Yes. This is my point. When the object itself cannot change, I used the name immutable. And "ready only" when we don´t know if the object is immutable or not - like pointer to const object.
In any, case it is just a matter of definition. I think it is clear for both of us. (I am not claiming these definitions are part of C standard)
>> For compile that computation what matters is the guarantee that the
>> compiler knows the values (it knows because it always the same value
>> of initialization) when using the object. (It does not depend on flow
>> analysis)
> There's no requirement for the compiler to "know" the value of a const
> object.
When the expression is required to be constant expression like in switch case, then the compiler must know the value.

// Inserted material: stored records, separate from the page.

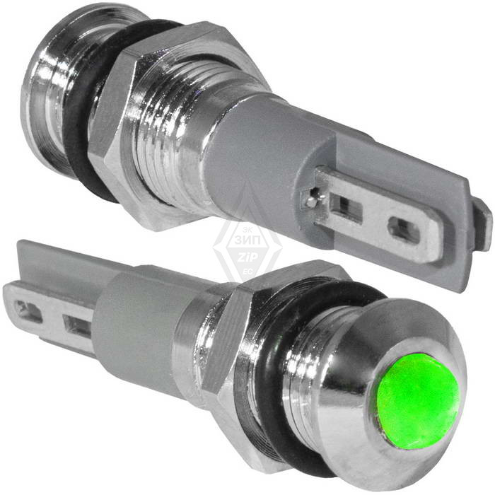 Индикатор антивандальный RUICHI GQ8PR-G, цвет зеленый, точечный излучатель, 12-24 В, 15 мА, гибкие выводы, никелированная латунь - это источник света для демонстрации электрических процессов в приборах. Конструктивно представляет собой модуль индикации, оснащенный контактным блоком, к которому припаиваются или присоединяются проводники.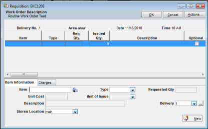 The line item window consists of two main sections: the top section displays an item list showing descriptions and quantities for all line items currently assigned to the requisition; the bottom section provides a data entry area for adding a new item to the requisition or updating an existing item. At the top of the main window is an Actions button that provides access to other requisition functions.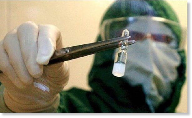 Des documents prouvent que l’armée américaine produit, possède et teste des aérosols de la toxine la plus mortelle au monde — la neurotoxine botulique. En 2014, le Département de l’Armée de terre a acheté 100 mg de toxine botulique de Metabiologics pour des tests à « Dugway Proving Ground ».
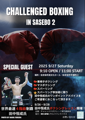 長崎県佐世保市で開催される注目の格闘技イベント「CHALLENGED BOXING IN SASEBO」は、車いすボクシングをはじめ、ボクシングレッスンなど、誰もが楽しめる多彩なプログラムが予定されています。本イベントの目玉は、元WBO世界フライ級スーパー王者で世界最速4階級制覇を成し遂げた田中恒成さんによるスペシャルボクシングレッスンとなっており、注目を集めています。このように障がいの有無を問わず、すべての参加者がボクシングの魅力を体感できる場となっており、スポーツを通じた共生社会の実現を目指しています。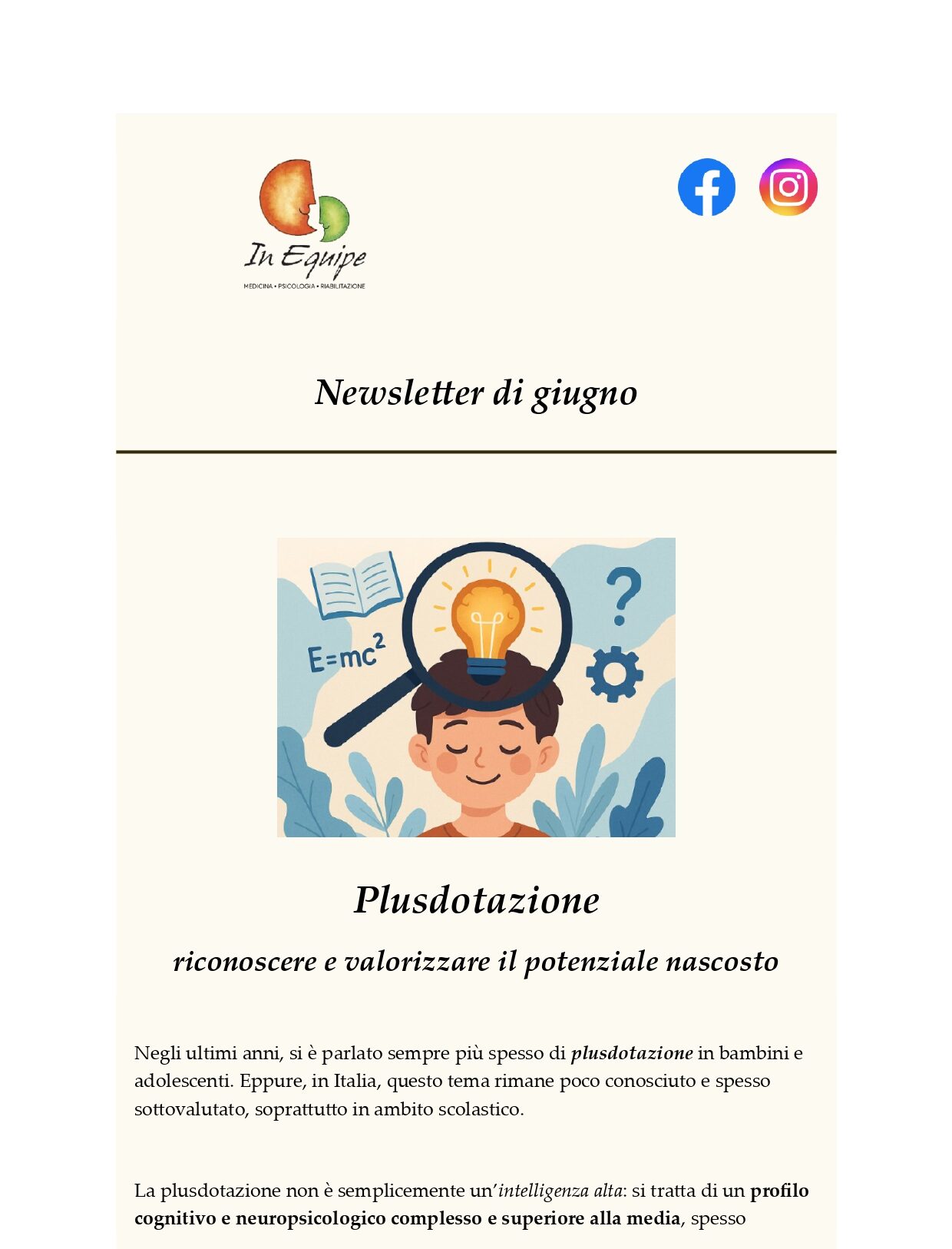 Newsletter 27/06/2025 “Plusdotazione – Riconoscere e valorizzare il talento nascosto”

Sorry if I am begin repetitive, but here is my motivation to say that const was already ready for that, no need to new keyword constexpr.
Consider this sample
void f(const int a)
{
const int b = 1;
switch (a){
case a: break; // OPS
case b: break; // should be OK
}
}
The compiler does not know the value of 'a' even it is declared as constant object; on the other hand the compiler knows the value of 'b';
So, here is my point - In init-declarators. const and constexpr becomes similar.
Em 11/28/2024 5:33 PM, Keith Thompson escreveu:
>> Sample why no-storage is useful
>>
>> void F()
>> {
>> register const int i = 1;
>> //lets way we have lanbdas in C
>> f( []()
>> {
>> //safe to use i even in another thread, or even after exiting F
>> int k = i;
>> }
>> );
>> }
> Without "register", since i is const, its value will never change
> (barring undefined behavior), so it should be safe to use anyway.
> How is eliminating the storage for i useful? You can just ignore
> it, and the compiler may be able to optimize it away.
If lambdas were implemented in C, a decision has to be made about capture. Is it allowed or not?
Objects with no storage could be allowed to be captured because this will never imply in lifetime problems; for instance if the lambdas is called by another thread.
C23 also added constexpr in compound literal.
(constexpr struct X ){ }
I also don´t understand why not just use const for that.
I also allow static.
(static const struct X ){ }
I think in this case it makes sense.